___ INPUT DATA ___
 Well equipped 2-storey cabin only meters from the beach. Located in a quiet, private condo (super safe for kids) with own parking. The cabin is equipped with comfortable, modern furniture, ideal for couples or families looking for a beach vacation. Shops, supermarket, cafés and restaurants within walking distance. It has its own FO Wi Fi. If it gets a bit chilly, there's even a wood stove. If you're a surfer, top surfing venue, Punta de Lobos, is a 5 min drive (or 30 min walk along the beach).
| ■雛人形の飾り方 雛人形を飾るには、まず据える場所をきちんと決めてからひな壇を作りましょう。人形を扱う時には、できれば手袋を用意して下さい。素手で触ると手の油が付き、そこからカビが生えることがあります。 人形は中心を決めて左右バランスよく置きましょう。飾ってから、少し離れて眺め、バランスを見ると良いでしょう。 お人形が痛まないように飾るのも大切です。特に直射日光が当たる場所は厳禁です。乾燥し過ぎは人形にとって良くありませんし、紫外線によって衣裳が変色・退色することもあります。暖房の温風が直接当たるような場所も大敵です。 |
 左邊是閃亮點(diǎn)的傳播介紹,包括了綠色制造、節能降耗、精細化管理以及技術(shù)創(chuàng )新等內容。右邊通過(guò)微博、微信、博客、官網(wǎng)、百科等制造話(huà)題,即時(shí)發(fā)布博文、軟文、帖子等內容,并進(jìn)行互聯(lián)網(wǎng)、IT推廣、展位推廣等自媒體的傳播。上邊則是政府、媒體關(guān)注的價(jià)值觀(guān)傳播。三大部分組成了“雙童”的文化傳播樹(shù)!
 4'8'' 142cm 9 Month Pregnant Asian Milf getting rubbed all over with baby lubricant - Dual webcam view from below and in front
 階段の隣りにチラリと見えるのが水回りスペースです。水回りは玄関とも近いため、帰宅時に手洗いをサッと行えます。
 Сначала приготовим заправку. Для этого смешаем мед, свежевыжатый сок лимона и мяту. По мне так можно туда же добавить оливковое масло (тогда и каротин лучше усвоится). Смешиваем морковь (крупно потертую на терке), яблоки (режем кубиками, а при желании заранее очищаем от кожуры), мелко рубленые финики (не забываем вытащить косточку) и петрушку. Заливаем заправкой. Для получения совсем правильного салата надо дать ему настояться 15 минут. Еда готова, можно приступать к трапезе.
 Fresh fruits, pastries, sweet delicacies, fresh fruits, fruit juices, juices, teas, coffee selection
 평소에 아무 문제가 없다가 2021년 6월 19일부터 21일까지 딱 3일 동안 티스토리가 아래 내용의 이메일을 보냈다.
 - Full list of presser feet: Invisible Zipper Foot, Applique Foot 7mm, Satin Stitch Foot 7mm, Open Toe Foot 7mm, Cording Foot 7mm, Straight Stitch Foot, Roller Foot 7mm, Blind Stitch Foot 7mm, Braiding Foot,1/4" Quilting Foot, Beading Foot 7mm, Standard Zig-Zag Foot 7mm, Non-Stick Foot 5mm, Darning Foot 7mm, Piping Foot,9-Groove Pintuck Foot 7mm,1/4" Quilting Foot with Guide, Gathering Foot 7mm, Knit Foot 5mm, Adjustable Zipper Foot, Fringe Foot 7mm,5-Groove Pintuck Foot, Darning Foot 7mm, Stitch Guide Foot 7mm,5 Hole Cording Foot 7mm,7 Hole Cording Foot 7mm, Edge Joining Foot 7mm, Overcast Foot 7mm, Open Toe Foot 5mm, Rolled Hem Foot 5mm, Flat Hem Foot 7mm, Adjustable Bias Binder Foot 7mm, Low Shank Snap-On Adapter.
___
**WHAT TO PRODUCE**
All of the material above needs to be output exactly, with no line left out.

**ANSWER SPACE**
 Well equipped 2-storey cabin only meters from the beach. Located in a quiet, private condo (super safe for kids) with own parking. The cabin is equipped with comfortable, modern furniture, ideal for couples or families looking for a beach vacation. Shops, supermarket, cafés and restaurants within walking distance. It has its own FO Wi Fi. If it gets a bit chilly, there's even a wood stove. If you're a surfer, top surfing venue, Punta de Lobos, is a 5 min drive (or 30 min walk along the beach).
| ■雛人形の飾り方 雛人形を飾るには、まず据える場所をきちんと決めてからひな壇を作りましょう。人形を扱う時には、できれば手袋を用意して下さい。素手で触ると手の油が付き、そこからカビが生えることがあります。 人形は中心を決めて左右バランスよく置きましょう。飾ってから、少し離れて眺め、バランスを見ると良いでしょう。 お人形が痛まないように飾るのも大切です。特に直射日光が当たる場所は厳禁です。乾燥し過ぎは人形にとって良くありませんし、紫外線によって衣裳が変色・退色することもあります。暖房の温風が直接当たるような場所も大敵です。 |
 左邊是閃亮點(diǎn)的傳播介紹,包括了綠色制造、節能降耗、精細化管理以及技術(shù)創(chuàng )新等內容。右邊通過(guò)微博、微信、博客、官網(wǎng)、百科等制造話(huà)題,即時(shí)發(fā)布博文、軟文、帖子等內容,并進(jìn)行互聯(lián)網(wǎng)、IT推廣、展位推廣等自媒體的傳播。上邊則是政府、媒體關(guān)注的價(jià)值觀(guān)傳播。三大部分組成了“雙童”的文化傳播樹(shù)!
 4'8'' 142cm 9 Month Pregnant Asian Milf getting rubbed all over with baby lubricant - Dual webcam view from below and in front
 階段の隣りにチラリと見えるのが水回りスペースです。水回りは玄関とも近いため、帰宅時に手洗いをサッと行えます。
 Сначала приготовим заправку. Для этого смешаем мед, свежевыжатый сок лимона и мяту. По мне так можно туда же добавить оливковое масло (тогда и каротин лучше усвоится). Смешиваем морковь (крупно потертую на терке), яблоки (режем кубиками, а при желании заранее очищаем от кожуры), мелко рубленые финики (не забываем вытащить косточку) и петрушку. Заливаем заправкой. Для получения совсем правильного салата надо дать ему настояться 15 минут. Еда готова, можно приступать к трапезе.
 Fresh fruits, pastries, sweet delicacies, fresh fruits, fruit juices, juices, teas, coffee selection
 평소에 아무 문제가 없다가 2021년 6월 19일부터 21일까지 딱 3일 동안 티스토리가 아래 내용의 이메일을 보냈다.
 - Full list of presser feet: Invisible Zipper Foot, Applique Foot 7mm, Satin Stitch Foot 7mm, Open Toe Foot 7mm, Cording Foot 7mm, Straight Stitch Foot, Roller Foot 7mm, Blind Stitch Foot 7mm, Braiding Foot,1/4" Quilting Foot, Beading Foot 7mm, Standard Zig-Zag Foot 7mm, Non-Stick Foot 5mm, Darning Foot 7mm, Piping Foot,9-Groove Pintuck Foot 7mm,1/4" Quilting Foot with Guide, Gathering Foot 7mm, Knit Foot 5mm, Adjustable Zipper Foot, Fringe Foot 7mm,5-Groove Pintuck Foot, Darning Foot 7mm, Stitch Guide Foot 7mm,5 Hole Cording Foot 7mm,7 Hole Cording Foot 7mm, Edge Joining Foot 7mm, Overcast Foot 7mm, Open Toe Foot 5mm, Rolled Hem Foot 5mm, Flat Hem Foot 7mm, Adjustable Bias Binder Foot 7mm, Low Shank Snap-On Adapter.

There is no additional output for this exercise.